Best-Effort Cache Synchronization with Source Cooperation

by Chris Olston and Jennifer Widom

Summary:

	This paper presents a push-based method of cache
synchronization, where data sources are aware of a cache and actively
coordinate in sending updates to the cache.The method prioritizes
which data items within a particular source should be sent.  This
priority is calculated using a previous update times and some weighted
divergence metric variables.  Once the priority for a certain data
item has reached a local source threshold, the source sends the
update.  Because of unstable system parameters, such as cache and
source side bandwidths, this threshold is made adaptive through
negative feedback messages from the cache.  Each source gradually
increases its update threshold.  If the cache detects available
bandwidth, it will send a message to as many sources as possible,
indicating that sources should lower their thresholds.

Comments:

	Large scale pushed based systems seem somewhat questionable.  It
is not very likely that a cache's data sources will decide to coordinate
with the cache.  Also, assuming the additional complexity (though fairly
lightweight) required to be implemented at each source, independent
sources will be unlikely to adopt such a scheme.

	Although this problem may be orthogonal to the actual efficiency
of the paper's algorithm, the authors nonetheless decided to compare it to
a pull-based system which is much more likely to be implemented in
practice.  Pull-based systems will undoubtedly be less efficient and have
higher divergence.  This is because push-based systems push only changed
data, and pull-based systems are expected to obtain at least some
unchanged information in predicting which data items might be changed.

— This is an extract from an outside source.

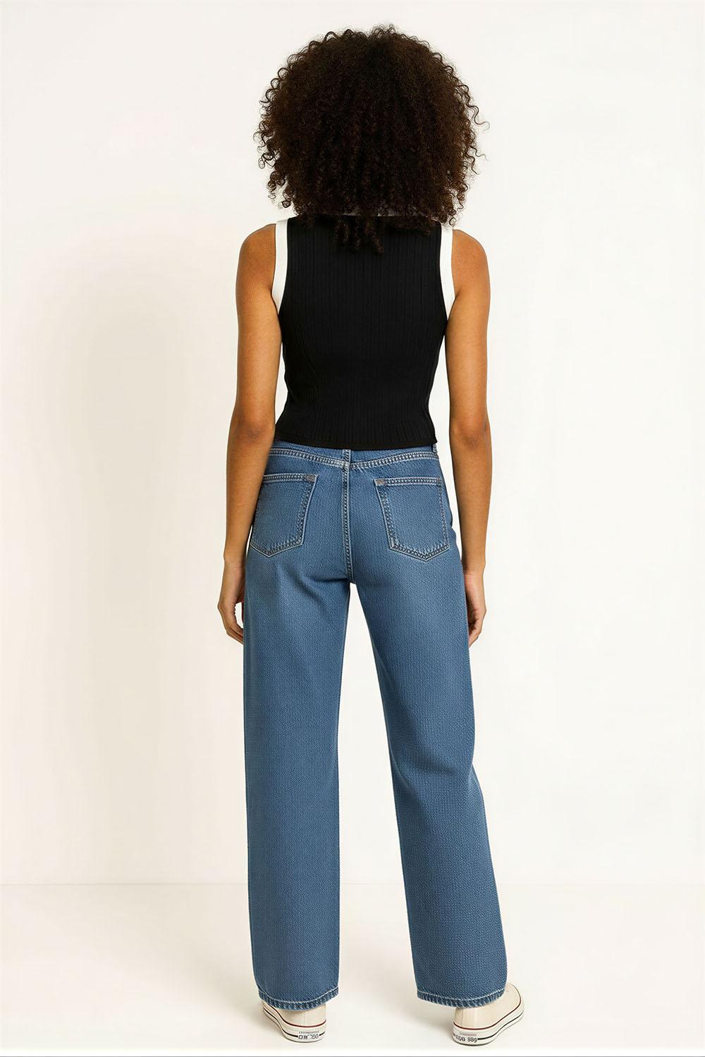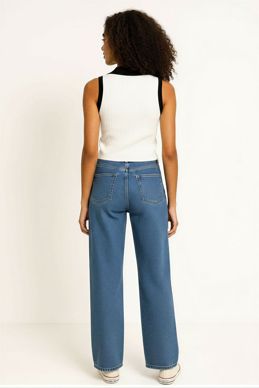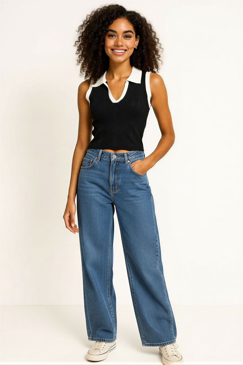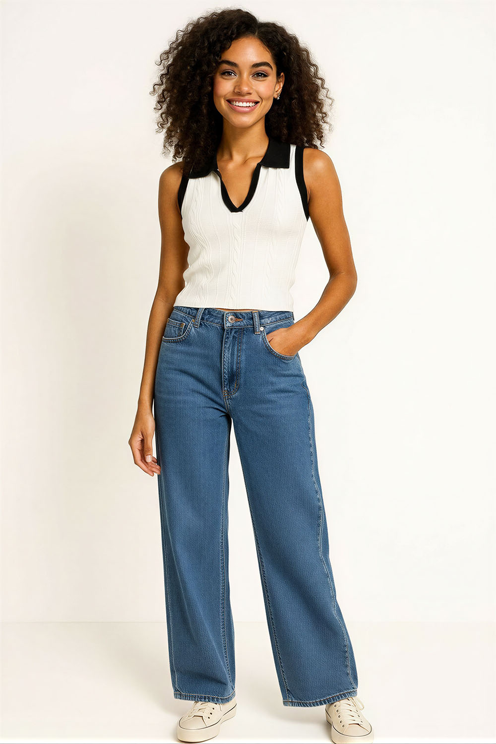 Suéter sin manga con escote en V que estiliza el área superior, cuello tipo polo en contraste que aporta detalle distintivo, confección en tejido ligero con textura que brinda comodidad, corte recto que se adapta al cuerpo, acabado inferior con ajuste suave que mejora la forma

	However, if a coordinated system of independent data sources and a
cache could be developed, the algorithm does seem quite useful.  What
makes this algorithm attractive is that sources only need to check their
data items when the item is updated, and they only need to send updates
once the threshold is reached.  In addition, the threshold-setting portion
of the algorithm ensures that thresholds are kept at reasonable levels.
The experimental results are impressive as well, with the actual
implemented algorithm performed similarly to an idealized version.

	There are some questions, however.  The paper claims that an ? =
10 is an optimal value.  In addition, the paper states that when available
bandwidth is detected by  the cache, the cache sends a feedback messages
"to as many sources as possible."  This would result in 10 times more data
coming into the cache.  This seems odd, because it implies a considerable
amount of bandwidth is unused until the cache sends out a feedback message
(the cache must make sure it is safe to receive 10 times as much data).
Large amounts of unused bandwidth would make pull-based schemes much more
appealing, since pull-based schemes never waste bandwidth.  If a
push-based scheme wastes more bandwidth (through lack of use) than a
pull-based scheme (through obtaining unchanged items) than a pull-based
scheme may appear more attractive.
A more efficient solution would be to send out messages to selected data
sources.  Perhaps some other algorithm to determine priority data sources
(at the cost of more overhead) would then be required as well.

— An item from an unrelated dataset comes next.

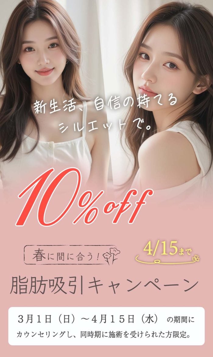 湘南美容クリニック岡山院では、3月1日から4月15日までの期間で「脂肪吸引・脂肪吸引注射の10%オフキャンペーン」を実施中です。

	There are also some implementation questions, such as how to
reorder a priority queue as certain data items overtake other items in
priority.  The question is not so much in reordering as in how this will
effect efficiency of keeping track of all data items.  Similarly, how a
cache could detect violations in a source's updates (perhaps they violate
a cache priority policy) might become problematic as well.

	In general the algorithm will probably work well when designing a
single system with multiple components.  It remains to be seen whether
independent organizations would be willing to participate in a system that
would require more complexity to implement.